■ Prompt ■
Transcribe all data verbatim. Skip the pictures.

[Items listed in a dataset]
____
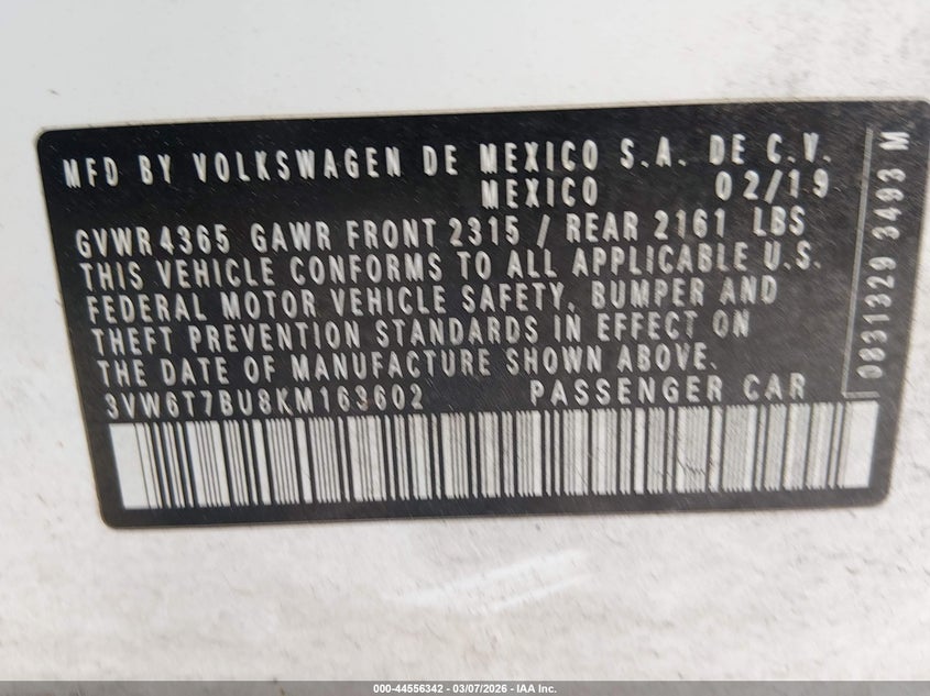 • 3VW6T7BU8KM163602
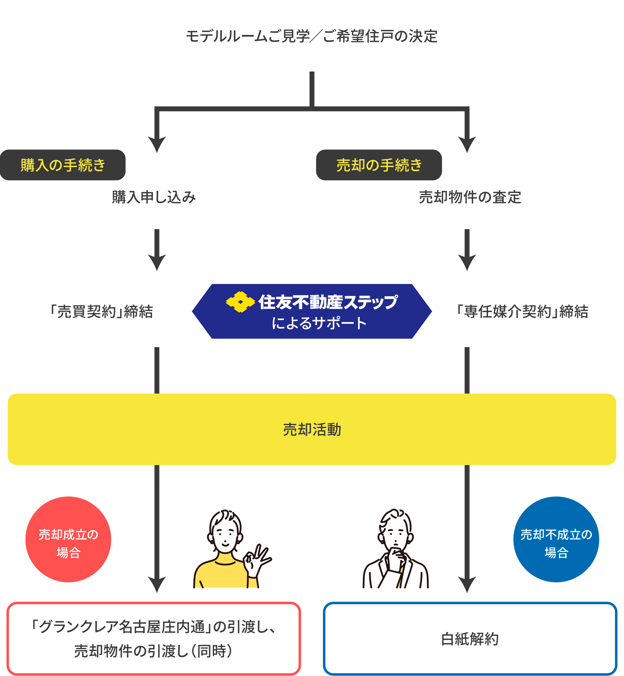 Q 売買契約締結後は、どんなスケジュールになるのか?   A 売買契約締結時に、専任媒介契約を締結いただきます。3ヶ月以内の売却活動を行い、その後、売却物件とグランクレア名古屋庄内通の引渡しを同時に行います。
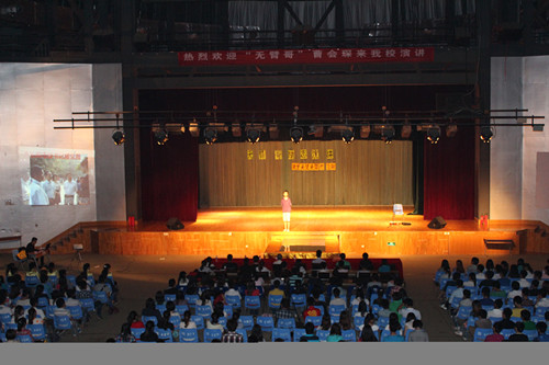 “只有经历地狱般的磨炼,才能炼出创造天堂的力量;只有流过血的手指,才能弹出世间的绝唱。”无臂哥曹会琛身残志坚的动人故事激励现场每一位大学生为理想而拼搏、为爱而喝彩。
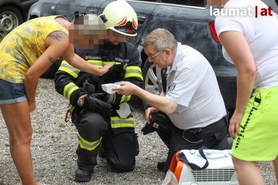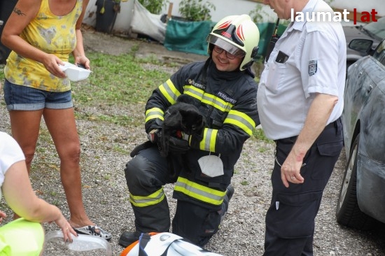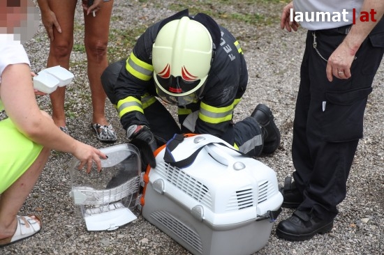 Anwohner hörten das laute Miauen der Katze und entdeckten sie schließlich in einem gekippten Fenster im ersten Stock eingeklemmt. Das Tier konnte von den Einsatzkräften rasch befreit werden und wurde anschließend rasch zu einem Tierarzt gebracht, da sich die Katze zwar sehr ruhig verhalten hatte, aber augenscheinlich verletzt ist.
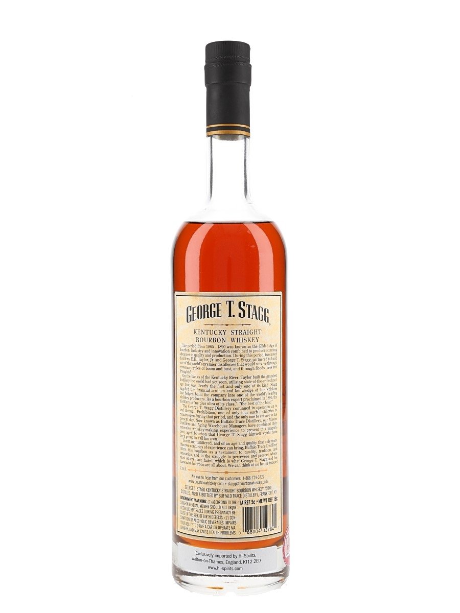 A bottle of George T Stagg Barrel Proof Kentucky Straight Bourbon Whiskey, bottled at 64.6% ABV for Buffalo Trace's Antique Collection in 2017.
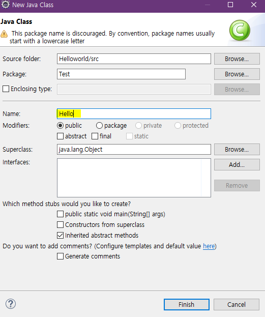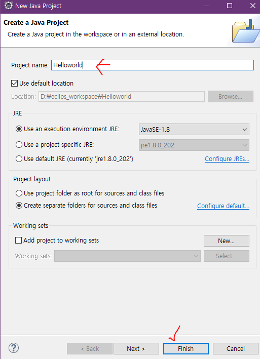 프로젝트명을 변경하고 Finish 버튼 클릭!
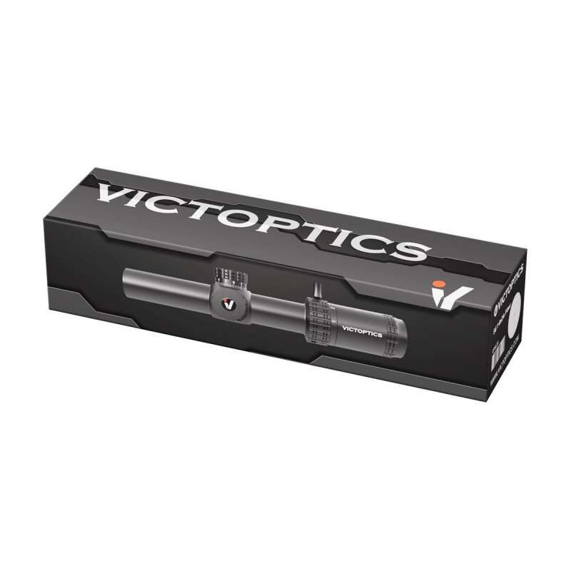 VictOptics LPVO rifle scope S10 1-6×24i Fiber in black finish offers visible daylight illumination and a fiber optic reticle. High-quality fully multi-coated (FMC) lenses ensure a clear and sharp image. Red illumination with 6 brightness levels, a durable construction rated up to 750G recoil, and true 1× magnification make it suitable not only for airsoft but also for real firearms.
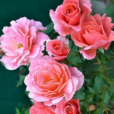 Роза плетистая Али Баба отличается яркой окраской цветка. Бутоны розовой окраски с медным оттенком открываются в оранжево-розовые цветы. Они обладают яркой насыщенностью цвета и крупным размером, с диаметром от 8 до 10 см. Цветков на одном стебле обычно насчитывается от 3 до 5, а количество лепестков в одном цветке составляет 20-30. Тип цветка умеренно махровый, а форма его чашевидная.
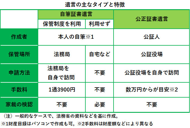 遺言には大きく分けて「自筆証書遺言」と公証人が内容を聞き取るなどして作る「公正証書遺言」の2つがあります。自筆証書遺言は本人が全文を手書きします。書く内容を司法書士などに相談しなければ費用はかかりませんが、内容と書式に誤りや不備があると無効になったり、遺産争いに繋がったりしやすくなります。自宅で保管するなら紛失や改ざんのリスクがあります。遺言を開封する際は家庭裁判所で裁判官が立ち会う「検認」という手続きも必要です。
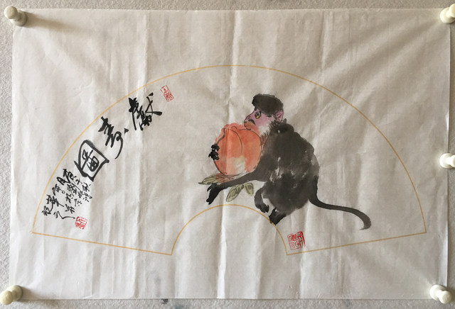 刘兆鸿(扇面) 献寿图 63cm x 30cm
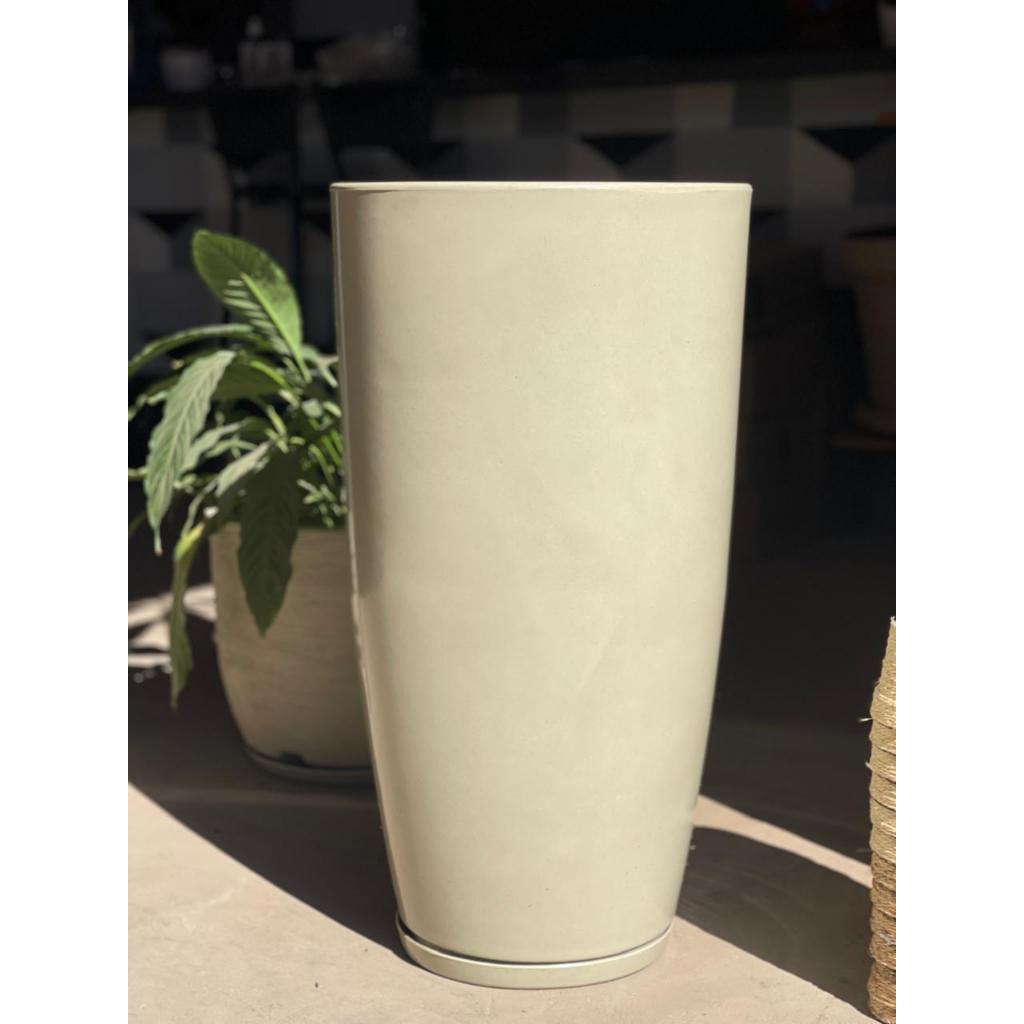 Vaso Grande Decorativo liso Para Plantas Coluna Redonda Polida e Marmorizada Com Prato N4(383)
____
■ Completed task ■
 • 3VW6T7BU8KM163602
 Q 売買契約締結後は、どんなスケジュールになるのか?   A 売買契約締結時に、専任媒介契約を締結いただきます。3ヶ月以内の売却活動を行い、その後、売却物件とグランクレア名古屋庄内通の引渡しを同時に行います。
 “只有经历地狱般的磨炼,才能炼出创造天堂的力量;只有流过血的手指,才能弹出世间的绝唱。”无臂哥曹会琛身残志坚的动人故事激励现场每一位大学生为理想而拼搏、为爱而喝彩。
 Anwohner hörten das laute Miauen der Katze und entdeckten sie schließlich in einem gekippten Fenster im ersten Stock eingeklemmt. Das Tier konnte von den Einsatzkräften rasch befreit werden und wurde anschließend rasch zu einem Tierarzt gebracht, da sich die Katze zwar sehr ruhig verhalten hatte, aber augenscheinlich verletzt ist.
 A bottle of George T Stagg Barrel Proof Kentucky Straight Bourbon Whiskey, bottled at 64.6% ABV for Buffalo Trace's Antique Collection in 2017.
 프로젝트명을 변경하고 Finish 버튼 클릭!
 VictOptics LPVO rifle scope S10 1-6×24i Fiber in black finish offers visible daylight illumination and a fiber optic reticle. High-quality fully multi-coated (FMC) lenses ensure a clear and sharp image. Red illumination with 6 brightness levels, a durable construction rated up to 750G recoil, and true 1× magnification make it suitable not only for airsoft but also for real firearms.
 Роза плетистая Али Баба отличается яркой окраской цветка. Бутоны розовой окраски с медным оттенком открываются в оранжево-розовые цветы. Они обладают яркой насыщенностью цвета и крупным размером, с диаметром от 8 до 10 см. Цветков на одном стебле обычно насчитывается от 3 до 5, а количество лепестков в одном цветке составляет 20-30. Тип цветка умеренно махровый, а форма его чашевидная.
 遺言には大きく分けて「自筆証書遺言」と公証人が内容を聞き取るなどして作る「公正証書遺言」の2つがあります。自筆証書遺言は本人が全文を手書きします。書く内容を司法書士などに相談しなければ費用はかかりませんが、内容と書式に誤りや不備があると無効になったり、遺産争いに繋がったりしやすくなります。自宅で保管するなら紛失や改ざんのリスクがあります。遺言を開封する際は家庭裁判所で裁判官が立ち会う「検認」という手続きも必要です。
 刘兆鸿(扇面) 献寿图 63cm x 30cm
 Vaso Grande Decorativo liso Para Plantas Coluna Redonda Polida e Marmorizada Com Prato N4(383)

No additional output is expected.